I want to think that’s exactly what happened. Home is just too small of a place for mysteriously sudden passings. Things like that just don’t happen. We read about them in the news. We see them on television. They shock us yet we manage to shake our heads and say Glad that wasn’t here. But, but. But! In our little world when people die we usually see it coming from a long way off. Like a ship on the horizon we see the approach and brace ourselves for the arrival. We have time to think, time to prepare. Even my father sent us signs. Headaches, high blood pressure. We should have seen it coming a mile away yet we chose to be stunned.
“All in shock” is definitely an understatement.
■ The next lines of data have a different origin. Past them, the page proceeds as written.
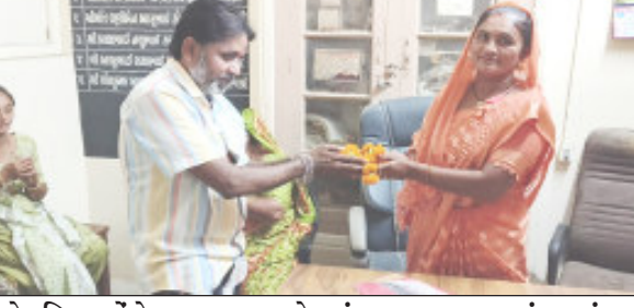
એક દિવસ કોંગ્રેસના ગઢ ગણાતો હતો પરંતુ આ વખતે કોંગ્રેસનો ગઢ તોડીને ભાજપે પોતાની બહુમતી હાસલ કરવામાં સફળ રહી હતી અને પાંચવર્ષ તાલુકા
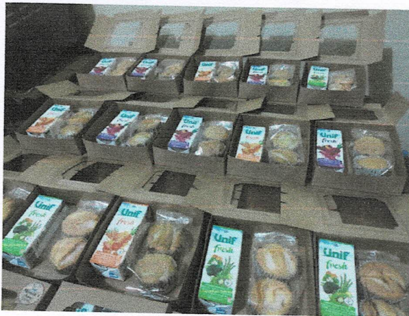
อาหารว่างช่วงเช้า
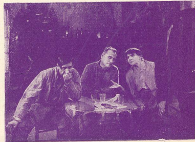
Les Deux Gosses
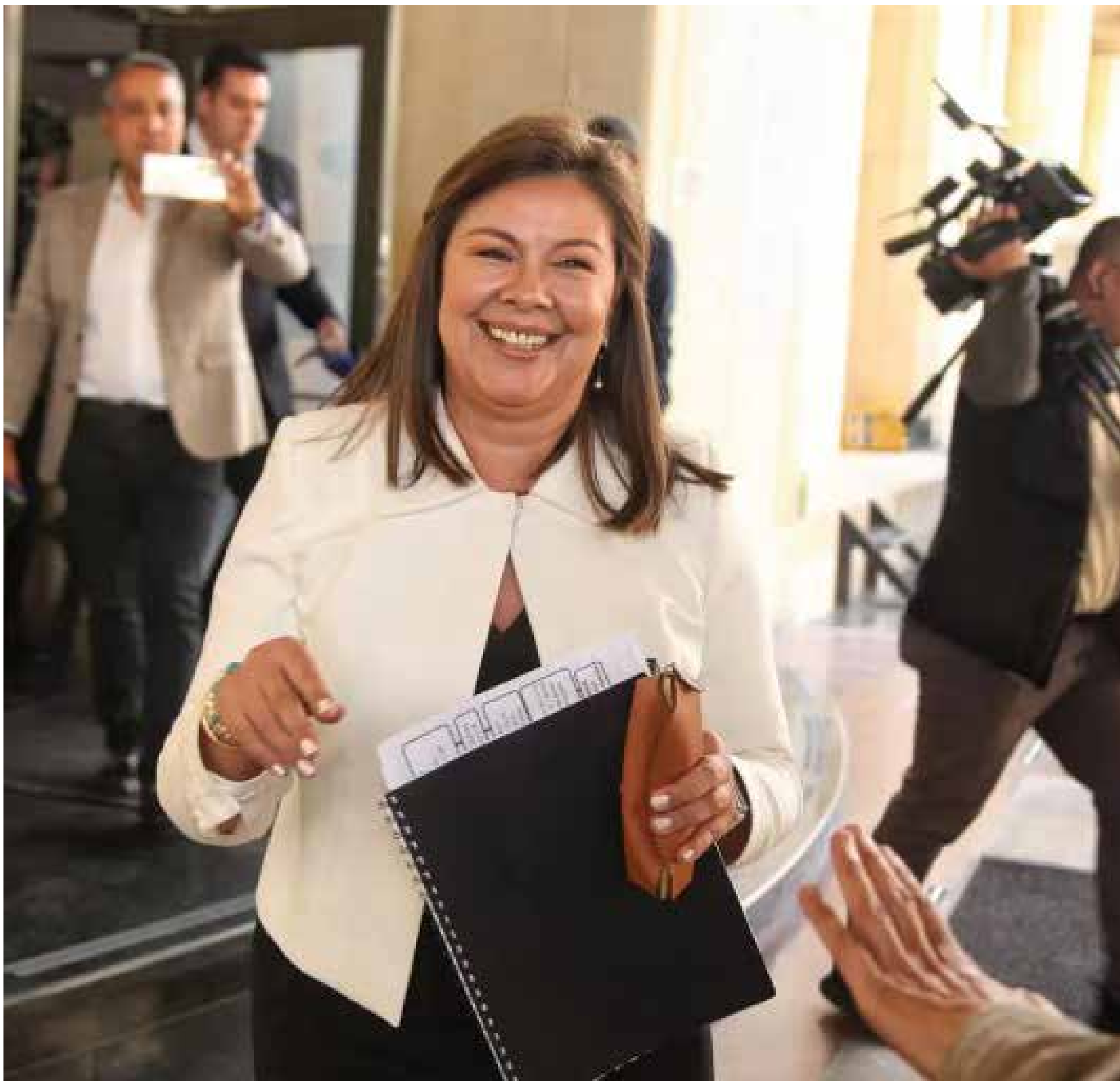
La nueva fiscal general de la Nación es una jurista que se ha dedicado su vida profesional a ejercer justicia

quez. Camargo Garzón, fue magistrada auxiliar de la Corte Suprema de Justicia como parte de la Sala de Casación Penal, siendo también ex fiscal delegada y auxiliar ante esta misma corporación. De igual manera, se desempeñó en el campo de la dirección de investigaciones por delitos comunes como fiscal delegada

Edited to add: Nothing could have prepared me for the passing of LeRoi Moore. It seems so unreal. I’m still trying to wrap my brain around the fact that a founding member of the Dave Matthews Band, just 46 years old, is dead. I have to blink my eyes and scratch my head. Three days of bad news. Is it September already?
I don’t out and out ask for assistance all that often. I don’t always spell it out and say Help. Me. But, those close to me know when I am searching for support, hunting for help. In so many words I asked and in so many ways they answered. Such was last night.
For reasons unknown I have been feeling silent and still. Like a pond with hardly a ripple. I wanted a wave of life and laughter to wash over me and lift me out of a self-induced torpor. Let’s go out I told my go-to girls. Where? They were surprised when I told them. It’s not like me to not have a plan. It’s not like to me to not know what I’m getting myself into. They only knew I needed their support and they answered the call. Wish we had a rally song because I would be humming it now.
Pouring rain. Little sleep. Too much wine. A borrowed car. Running late. Leaving early. None of it mattered. We converged on Jill like a hurricane and ordered vodka, chocolate, and chilies. We rolled our eyes at the cliches and silently cheered on the gold. Smoke and strobes. Run songs ruined. When the time came my friends rallied around me like a fortress. Not letting a single thing hurt me or help me lose control. When I said I was done I didn’t know it until I was surrounded by support.
Now it’s the morning after. I’m hearing Sublime. I’m hearing something about bitches. Sublime bitches? You betcha. Thanks, ladies.
I wanted to write about spending time with my good, good friend. How we ran together (only 3.5mi but still…), rolled our eyes at family issues (pass me the bottle), caught the Closer bug together…
I wanted to write about how two great people stepped up and came out with me Friday night. I don’t ask for help very often and my requests aren’t always clear, but they answered the call despite weather and wine and one way streets.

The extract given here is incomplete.